I leaped up into the air. I thought I would stay up there. Gravity couldn’t bring me down. I almost bounced into the seat of one of K’s model aeroplanes and flew off into the vast blue yonder with the joy of Katya’s suggestion. What a brilliant idea! She’d just saved my film.
“So she likes you, eh?”
“Yes.” I laughed and laughed. “She does. She does. And thanks to you.”
Katya, you’re amazing, I thought. I would make use of the flawed audio, the failed video, just as I had planned to, but with a different slant. I would include K’s room, the house. Of course, now I would include Katya — not knowing, of course, how much she would say for the record — and Eva too. Everything I had videoed so far would be included. Johnny, Luongo’s assistant, had focused on the table where K and I sat but, cleverly, he took in an overview of the restaurant, including the balcony and the wooden partition. That too would be in my “failed film.” But I would not use Katya’s title. Perhaps the film’s name would be Imagining K .

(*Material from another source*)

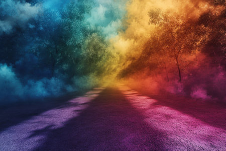 A vibrant pathway is obscured by colorful fog while trees stand silently in the background at dusk.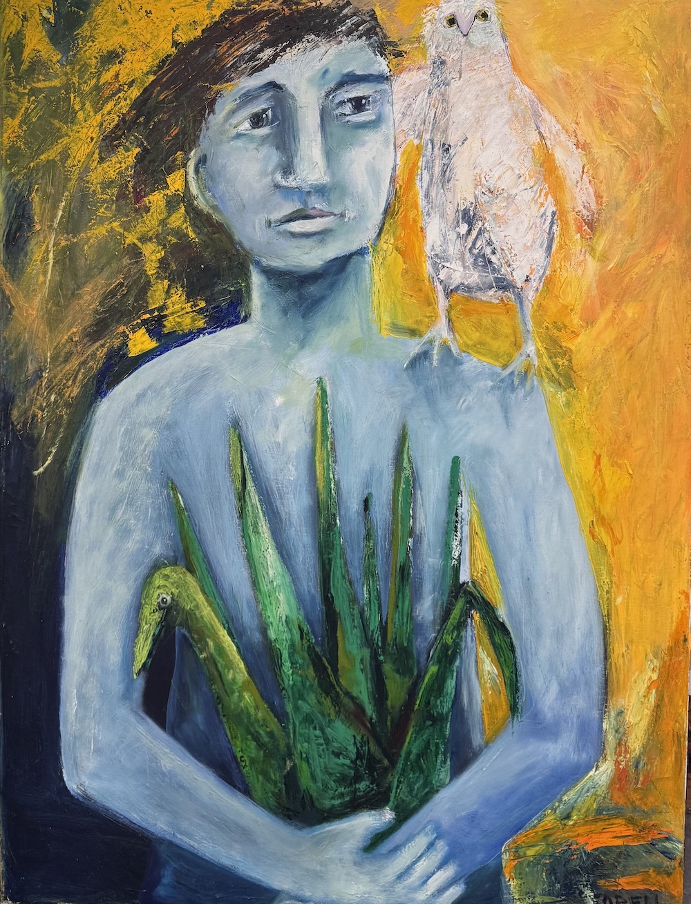 It Rained Last Night by Saren Dobkins – A figure holds a crown of grasses, verdant green after raising from the ashes. The crown transposes into a swan like bird, it’s eye looks outwards, grateful to be held. On his shoulder, a white owl stands, her farsightedness sees what we cannot see. She touches his head seeking and both giving reassurance. Together they stand. Man and Nature interconnected always. Drought broken, he holds a crown of new shoots. The owl sees beyond, wary with trepidation. Painted in oils, this work has evolved and is thickly painted providing a rich tapestry of surface.

Then I interrupted my own reverie with: “How did Katya know my Hebrew name?”
“I told her.”
“And how did you know?”
“Think about it.”
I thought and thought. I shrugged.
“Jiri wrote me.”
That was strange. How could he have known? Jiri Weisz-Krupka had stepped out of the synagogue when I was called to the Torah that first Sabbath we met. What kind of secret communications network did these people have?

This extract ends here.